> **Exercise**: Set down all of the entries below word for word, with the pictures left out.

BEGIN Information given

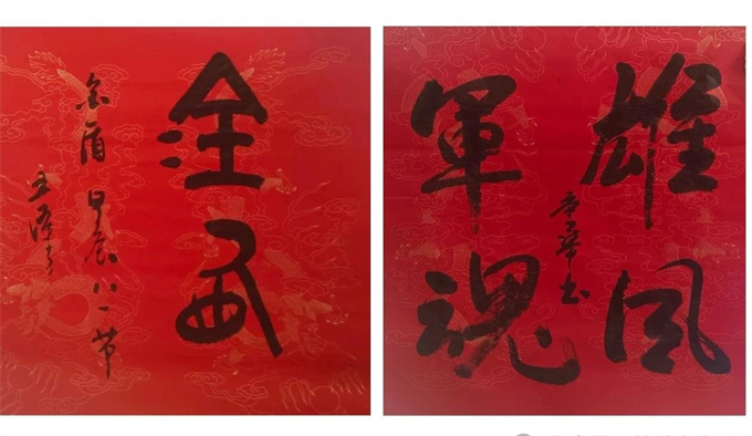 书画家们挥毫泼墨,现场书写了“铁血军魂”“祖国铁龙阵,人民子弟兵”“最可爱的人”等书法作品,并送上“雄鸡牡丹”图。创作作品既有对军旅生活的写照,也有对军人崇高精神的赞美。书画文艺志愿者们用书画艺术丰富军营生活,赓续红色血脉,凝聚军民情谊。
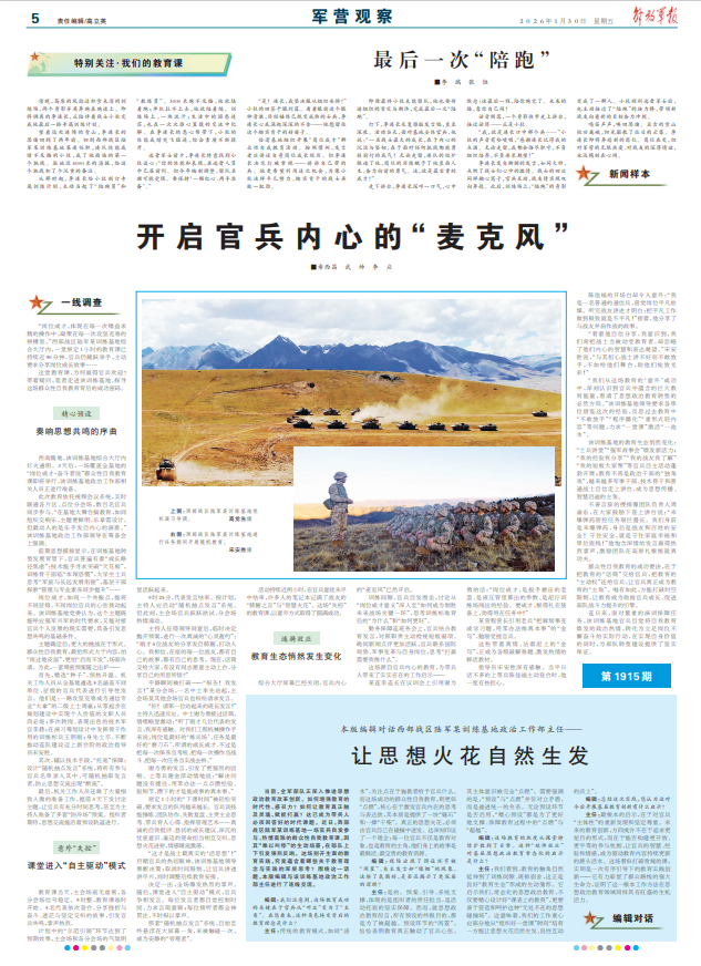 當(dāng)前,全軍部隊(duì)正深入推進(jìn)思想政治教育改革創(chuàng)新。如何增強(qiáng)教育的時(shí)代性、感召力?如何讓教育真正觸及靈魂、賦能打贏?這已成為帶兵人必須回答好的時(shí)代課題。近日,西部戰(zhàn)區(qū)陸軍某訓(xùn)練基地一場(chǎng)官兵自發(fā)參與、熱情高漲的群眾性自我教育課,因其“難以叫?!钡纳鷦?dòng)場(chǎng)景,在部隊(duì)上下引發(fā)強(qiáng)烈反響。這場(chǎng)別開生面的教育實(shí)踐,究竟蘊(yùn)含著哪些關(guān)于教育理念與實(shí)踐的深層思考?圍繞這一話題,軍營觀察版編輯與該訓(xùn)練基地政治工作部主任進(jìn)行了連線交流。
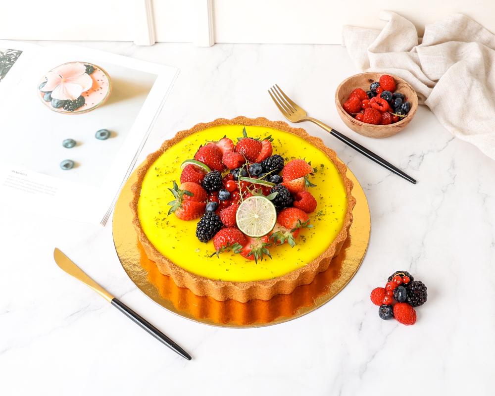 A crisp tart crust filled with a blend of vanilla and lime custard, topped with a layer of fresh lime juice sauce, and beautifully garnished with a selection of delicious imported fruits — offering a refreshing, citrusy dessert experience.
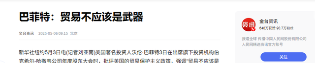 金台资讯-2025-05-06-《巴菲特:贸易不应该是武器》
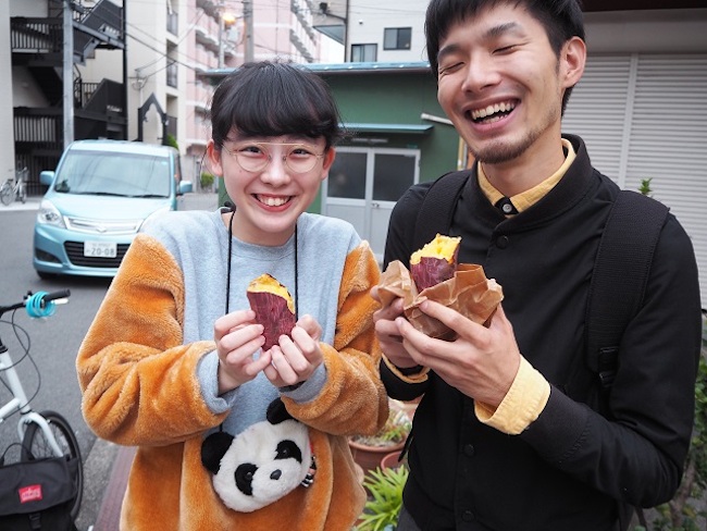 「値段は100グラムで200円の量り売りです。だから一本500円から700円というところでしょうか。いい芋を使っているので薄利多売です。安すぎる? でも大阪では、こんくらいの値段やないと売れないんです。東京でも同じ値段か? イベントにもよりますが東京でも基本は変わらないです。ただ高速を使って東京へ行っているので、一日40本は売らないと赤字になります。それでは商売にならない? う~ん。考え方ですよね。普通、作品を展示するときはギャラリーを借りてお金を払うでしょう。でも僕らは街なかで展示ができて、たくさんの人に見てもらえて、焼き芋っていう作品を買ってもらえる。ほかのアーティストにくらべて恵まれているともいえますしね」
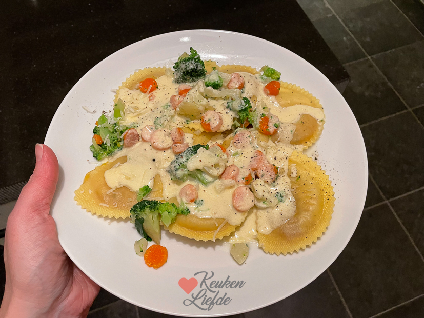 Ons weekend was heel rommelig en chaotisch. Omdat de slaapkamer van Ella leeggepakt is staan boven overal spullen en slaapt Ella tijdelijk bij ons op de slaapkamer. We kunnen nergens bij en overal ligt rommel! Aaaargggggh!!!! Ik ga zo slecht op rommel. Heb dan echt moeite met functioneren. Johan ging verder met de slaapkamer van Ella en ik maakte het huis schoon en deed boodschappen. ’s Avonds stond er gevulde pompoenravioli (mijn nieuwe verslaving, heb je het gemerkt?) op het menu met nog wat groenten die op moesten en een roomsausje. En er werd natuurlijk weer voetbal gekeken!
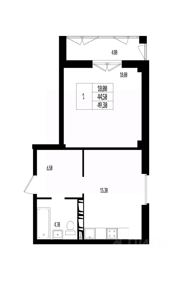 Квартира свободной планировки, 49,3 м²
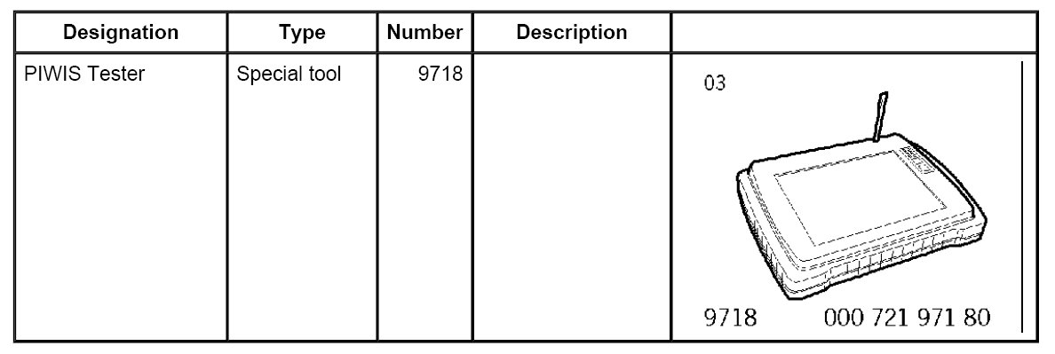 PIWIS Tester 9718 with test software version 21.000/04/2008 (or higher)
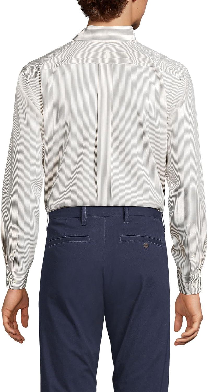 Lands’ End Men’s Tailored Fit No Iron Solid American-Grown Supima Cotton Pinpoint Buttondown Collar Dress Shirt(Khaki Narrow Stripes)
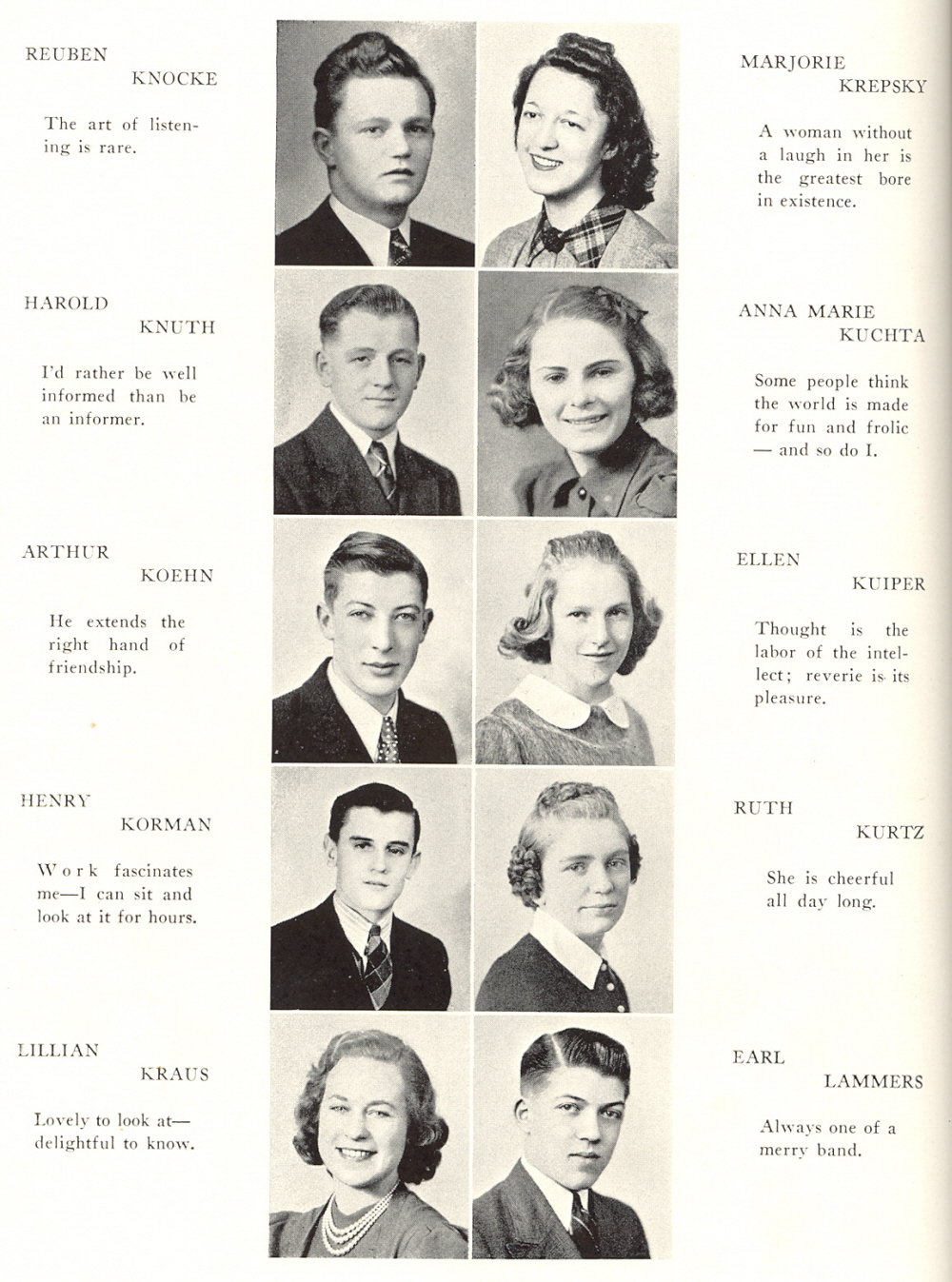 1939 Sheboygan North High School, Page 34: Reuben Knocke, Harold Knuth, Arthur Koehn, Henry Korman, Lillian Kraus, Marjorie Krepsky Anna Marie Kuchta, Ellen Kuiper, Ruth Kurtz, Earl Lammers.

END Information given

> **Problem solution**:
 书画家们挥毫泼墨,现场书写了“铁血军魂”“祖国铁龙阵,人民子弟兵”“最可爱的人”等书法作品,并送上“雄鸡牡丹”图。创作作品既有对军旅生活的写照,也有对军人崇高精神的赞美。书画文艺志愿者们用书画艺术丰富军营生活,赓续红色血脉,凝聚军民情谊。
 當(dāng)前,全軍部隊(duì)正深入推進(jìn)思想政治教育改革創(chuàng)新。如何增強(qiáng)教育的時(shí)代性、感召力?如何讓教育真正觸及靈魂、賦能打贏?這已成為帶兵人必須回答好的時(shí)代課題。近日,西部戰(zhàn)區(qū)陸軍某訓(xùn)練基地一場(chǎng)官兵自發(fā)參與、熱情高漲的群眾性自我教育課,因其“難以叫?!钡纳鷦?dòng)場(chǎng)景,在部隊(duì)上下引發(fā)強(qiáng)烈反響。這場(chǎng)別開生面的教育實(shí)踐,究竟蘊(yùn)含著哪些關(guān)于教育理念與實(shí)踐的深層思考?圍繞這一話題,軍營觀察版編輯與該訓(xùn)練基地政治工作部主任進(jìn)行了連線交流。
 A crisp tart crust filled with a blend of vanilla and lime custard, topped with a layer of fresh lime juice sauce, and beautifully garnished with a selection of delicious imported fruits — offering a refreshing, citrusy dessert experience.
 金台资讯-2025-05-06-《巴菲特:贸易不应该是武器》
 「値段は100グラムで200円の量り売りです。だから一本500円から700円というところでしょうか。いい芋を使っているので薄利多売です。安すぎる? でも大阪では、こんくらいの値段やないと売れないんです。東京でも同じ値段か? イベントにもよりますが東京でも基本は変わらないです。ただ高速を使って東京へ行っているので、一日40本は売らないと赤字になります。それでは商売にならない? う~ん。考え方ですよね。普通、作品を展示するときはギャラリーを借りてお金を払うでしょう。でも僕らは街なかで展示ができて、たくさんの人に見てもらえて、焼き芋っていう作品を買ってもらえる。ほかのアーティストにくらべて恵まれているともいえますしね」
 Ons weekend was heel rommelig en chaotisch. Omdat de slaapkamer van Ella leeggepakt is staan boven overal spullen en slaapt Ella tijdelijk bij ons op de slaapkamer. We kunnen nergens bij en overal ligt rommel! Aaaargggggh!!!! Ik ga zo slecht op rommel. Heb dan echt moeite met functioneren. Johan ging verder met de slaapkamer van Ella en ik maakte het huis schoon en deed boodschappen. ’s Avonds stond er gevulde pompoenravioli (mijn nieuwe verslaving, heb je het gemerkt?) op het menu met nog wat groenten die op moesten en een roomsausje. En er werd natuurlijk weer voetbal gekeken!
 Квартира свободной планировки, 49,3 м²
 PIWIS Tester 9718 with test software version 21.000/04/2008 (or higher)
 Lands’ End Men’s Tailored Fit No Iron Solid American-Grown Supima Cotton Pinpoint Buttondown Collar Dress Shirt(Khaki Narrow Stripes)
 1939 Sheboygan North High School, Page 34: Reuben Knocke, Harold Knuth, Arthur Koehn, Henry Korman, Lillian Kraus, Marjorie Krepsky Anna Marie Kuchta, Ellen Kuiper, Ruth Kurtz, Earl Lammers.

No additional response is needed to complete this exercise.